Academic background
- Alma mater: University of Waterloo
- Thesis: Holographic Studies of Thermal Gauge Theories with Flavour (2007)

Academic work
- Discipline: Medical Physics
- Institutions: Carleton University
- Website: https://people.physics.carleton.ca/~rthomson/index.html

= Rowan Thomson =

Canadian physicist

Rowan Thomson is a professor in the Department of Physics at Carleton University and Assistant Dean (Equity, Diversity and Inclusion) in the Faculty of Science. She is a Canada Research Chair in Radiotherapy Physics.

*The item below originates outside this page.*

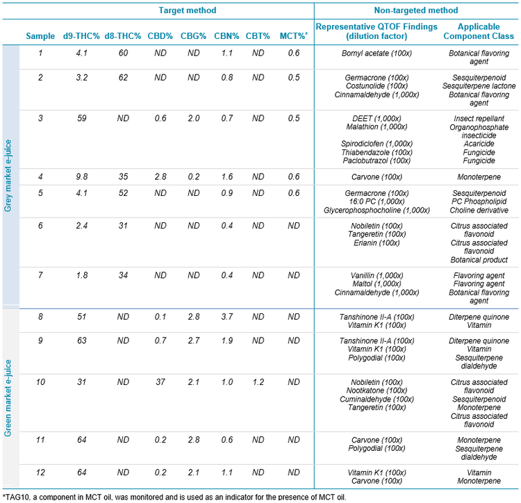 In the spirit of the original non-targeted search in e-juice that identified VEA, this study utilized spectral libraries on the SCIEX X500R QTOF system to investigate e-juice compositions (Table 1). Of most interest in the findings were the discovery in some of the grey market samples of pesticide contamination, phospholipids, and flavoring agents.

== Background and education ==
Thomson received a Double BSc degree in Honours Mathematics and Physics from Carleton University. She earned her PhD from Perimeter Institute and the University of Waterloo in 2007 where she studied Superstring Theory.

== Career ==
Thomson's research focuses on developing computational and theoretical techniques to study the interactions of radiation with matter, including radiation transport and energy deposition at or below the cellular level, multiscale modeling, and fundamental dosimetry. She has also developed the software package egs_brachy, an open-source Monte Carlo simulator of brachytherapy.

== Awards and honors ==
Professor Thomson was awarded Ontario’s Polanyi Prize in Physics (2011), an Ontario Early Researcher Award (2015), and elected a Fellow of the American Association of Physicists in Medicine in 2020; her research has been recognized with the Sylvia Fedoruk Prize and the Moses & Sylvia Sorkin Greenfield Award.